What you need to do - Repeat each line of the material below exactly as it appears, minus any pictures.

Information shown -

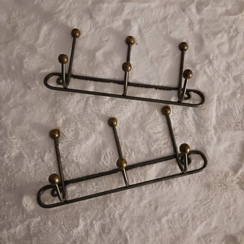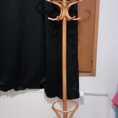Kuvanmukainen naulakko. Kolme hyllyä kengille, kuusi koukkua takeille. Mahdollisuus kiinnittää myös seinään mutta näitä ruuveja ei ole enää tallella. Suht tukeva, kestää hyvin usemman talvitakin painon😄
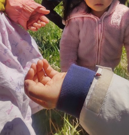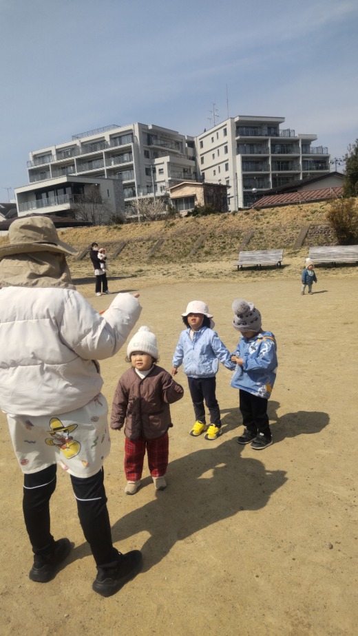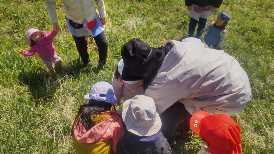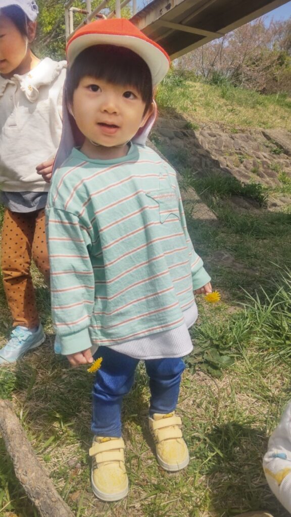 お散歩に行く前に、みんなで集まっておひさま原っぱ保育園のお友だちや先生たちの紹介をしました!まり先生が「〇〇ちゃんで~す!」「〇〇くんで~す!」と紹介するたびに“パチパチパチパチ~”っと拍手👏が巻き起こり、みんなニコニコでした♬
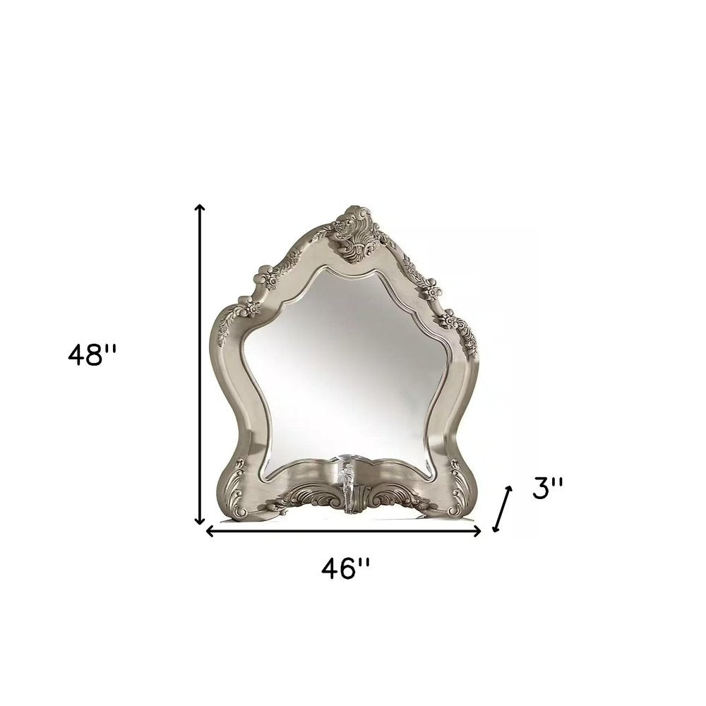 This 48-inch white abstract wood framed mounted dresser mirror adds the finishing touch to your bedroom. Framed with wood, this mirror will bring practical application and fashionable design to your space, adding some traditional flair to your decor. This mirror will be a great useful addition to your home but will also help elevate the space in the room. This mirror is the perfect choice to update your bedroom and create a sanctuary of comfortable and inviting relaxation for your home for years to come. Produced with premium quality glass for a beautiful reflection, this mirror will provide an exceptional visual experience. 48-inch h x 46-inch w x 3-inch d.
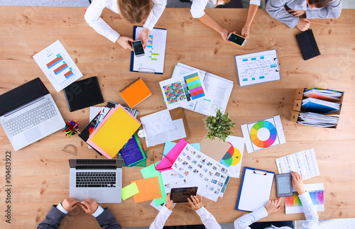 Business people sitting and discussing at business meeting, in office

Result -
Kuvanmukainen naulakko. Kolme hyllyä kengille, kuusi koukkua takeille. Mahdollisuus kiinnittää myös seinään mutta näitä ruuveja ei ole enää tallella. Suht tukeva, kestää hyvin usemman talvitakin painon😄
 お散歩に行く前に、みんなで集まっておひさま原っぱ保育園のお友だちや先生たちの紹介をしました!まり先生が「〇〇ちゃんで~す!」「〇〇くんで~す!」と紹介するたびに“パチパチパチパチ~”っと拍手👏が巻き起こり、みんなニコニコでした♬
 This 48-inch white abstract wood framed mounted dresser mirror adds the finishing touch to your bedroom. Framed with wood, this mirror will bring practical application and fashionable design to your space, adding some traditional flair to your decor. This mirror will be a great useful addition to your home but will also help elevate the space in the room. This mirror is the perfect choice to update your bedroom and create a sanctuary of comfortable and inviting relaxation for your home for years to come. Produced with premium quality glass for a beautiful reflection, this mirror will provide an exceptional visual experience. 48-inch h x 46-inch w x 3-inch d.
 Business people sitting and discussing at business meeting, in office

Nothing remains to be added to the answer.